Can you comment on 10% losses, how much of the losses shows up as heat, how of the losses much do you think can be eliminated over time? Are there any standards in progress?


----------



## PluglessSteve (Apr 21, 2016)

Pinewold said:


> Can you comment on 10% losses


See my comment above - does that answer your question or questions?



Pinewold said:


> how much of the losses shows up as heat, how of the losses much do you think can be eliminated over time?


Almost entirely as heat and remember two things 1. this is dissipated over time and 2. there are many, varied and quite mature technologies to manage heat (thanks computers!)

Improvements in efficiency - Physics apply - as the many much more qualified people above have described. Note: announcements of higher power Wireless EV Chargers need more context - as compared to what? (for example, does the number assume direct to battery charging). Then there are costs of suppling electrical to the home - assuming home charging (the high power WEVC of press releases seems to us to be 100% a public charging play).



Pinewold said:


> Are there any standards in progress?


Yes, we have participated in the SAE committee tasked with the WEVC standards (j2954) - they've been at it for sometime and even when they are announced, there is a long time before they make it into series production (onto cars)....there is also the possibility of competing standards. So the two open questions: 1. will there be a standard by the time the 3 comes out and 2. will Tesla be on board (again, we do not work with Tesla). Those are two VERY open questions as far as we can see.


----------



## garsh (Apr 4, 2016)

PluglessSteve said:


> For our part, the 3.3kW Plugless system is... ~12% less efficient than level 2 corded charging - that's in terms of wall to battery OR wall to on-board chargers.


Thanks for the data. That seems pretty good considering the big air gap. Do you know how precise you need to be when parking the vehicle in order to see these efficiency levels?


----------



## PluglessSteve (Apr 21, 2016)

garsh said:


> Thanks for the data. That seems pretty good considering the big air gap. Do you know how precise you need to be when parking the vehicle in order to see these efficiency levels?


The data sheet has that info (interestingly the best efficiency is slightly off-center) - you can be off center 4-6" in all directions and still be aligned. As I understand the testing sheets, those are the aggregate of multiple tests so our efficiency claims are what to expect whatever your coupled alignment is. And yes it is VERY good - we very much look forward to competition to enter the market and show similar 3rd-party data - we're confident we'll do quite well.


----------



## Pinewold (Apr 4, 2016)

PluglessSteve said:


> See my comment above - does that answer your question or questions?
> 
> Almost entirely as heat and remember two things 1. this is dissipated over time and 2. there are many, varied and quite mature technologies to manage heat (thanks computers!)
> 
> ...


Thanks for all the info!


----------



## teslaliving (Apr 2, 2016)

The snake makes no sense and I don't think it will see the light of day for real. Its complex, it would be very expensive etc. The wireless chargers you park over are more likely (and exist now, theres even a 3rd party doing it for the Model S) but they're expensive and not very efficient.
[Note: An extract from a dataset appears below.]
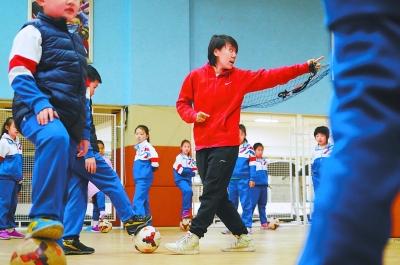 上周三下午,一堂由粉笔画引领的小学足球体育课在景山学校举行,授课老师是东城区新鲜胡同小学体育老师肖晶。她上课的主题是“小足球脚内侧踢球游戏”,而引入粉笔画来突破体育课教学难点,还是一个全新的尝试。

Personally, after 2 years of driving my S and charging daily, plugging it in every night is not an issue for me at all.

It would be nice if Tesla FINALLY added an alert you could schedule if you weren't plugged in by a certain time so you didnt have an AM surprise but I wrote my own in the mean time (open source here: https://github.com/the-mace/evtools) so its not a big deal.

You need to plug in your iPhones etc every night. Why hasn't Apple solved that problem? Because its really not a big deal.


----------



## Andreas Stephens (Apr 4, 2016)

teslaliving said:


> The snake makes no sense and I don't think it will see the light of day for real. Its complex, it would be very expensive etc. The wireless chargers you park over are more likely (and exist now, theres even a 3rd party doing it for the Model S) but they're expensive and not very efficient.
> 
> Personally, after 2 years of driving my S and charging daily, plugging it in every night is not an issue for me at all.
> 
> ...


Not a big deal, but still an opportunity for new product development. My son's LG phone uses an induction charger and so does our electric toothbrush. Sometimes - even Apple follows the market rather than leading it. I too find it surprising that Tesla has not implemented the alarm functionality you mention in your post, but I am also sure that they will eventually get there.
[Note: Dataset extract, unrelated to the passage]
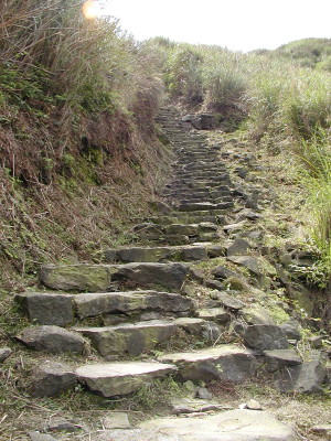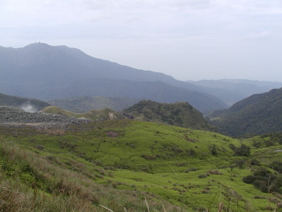 三月初春,屬於春暖花開的季節,但偶爾還是有一絲絲的寒風吹來,但並不冷,反而讓人感覺到那短暫的沁涼。上午十二時,我們一行七人騎著機車來到陽明山擎天崗,在遊客中心旁的販買部做好簡單的飲水食物補給之後,便朝著山上出發。金包里古道,早期是指金山(金山鄉的舊稱為金包里社)到士林的這一段路,因為先民夜挑漁獲沿著磺溪上溯,翻越擎天崗,經山仔后,清晨抵達士林、大稻程一帶販賣,因此又名「魚路古道」。這次我們則準備從擎天崗走到上磺溪。一路都是屬於下坡路段,雖然比較不耗費體力不過卻是苦了鞋子跟膝蓋。首先看到大油坑,不斷冉冉上昇的硫磺氣,在遠遠的山凹處形成壯麗的景觀。

Keep in mind that "new technology" typically takes decades to mature.

While EVs have been around for a long long time, it was essentially a technology that has been laid dormant until "reawakening" again only very recently.

I am sure that there are entire new ecosystems of products and functionalities that will be developed for EVs over time (as we are now witnessing for smartphones). We are now only at the very beginning of this development.
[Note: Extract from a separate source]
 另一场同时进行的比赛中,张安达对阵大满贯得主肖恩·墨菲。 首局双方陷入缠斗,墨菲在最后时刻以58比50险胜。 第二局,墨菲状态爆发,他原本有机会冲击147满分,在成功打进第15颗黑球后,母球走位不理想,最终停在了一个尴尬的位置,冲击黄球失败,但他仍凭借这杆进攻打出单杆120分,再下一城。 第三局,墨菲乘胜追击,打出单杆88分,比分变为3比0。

Wireless or "snake" charging might not be for everyone, but for all the different modes of charging there will be a cohort of people who prefer that method over all the other alternatives or a mixture depending on what is most convenient in a particular context.

Efficiency is critically important and in a resource constrained world ever more so, but there will always be people willing to trade off some efficiency for convenience.

As our Prime Minister Malcolm Turnbull likes to say: "We live the the most exciting time..."


----------



## Daniel Davis (Apr 19, 2016)

I think charge snake would be great for charging in bad weather like rain, snow cold.


----------



## Pinewold (Apr 4, 2016)

I agree that original snake is complicated, believe that 3-4 servo motors are all that is required if done right. Agree it is not a big deal to plug in, but I met a lot of engineers in the Model 3 line that would love that little toy! Induction charging would be good if they can get to 95% efficient.


----------



## garsh (Apr 4, 2016)

If we ever want to have a vehicle drive cross-country autonomously, then we'll need a charging solution that doesn't require a human to plug the car in.


----------



## AEDennis (Apr 10, 2016)

Doesn't look like @PluglessSteve likes to toot his own horn...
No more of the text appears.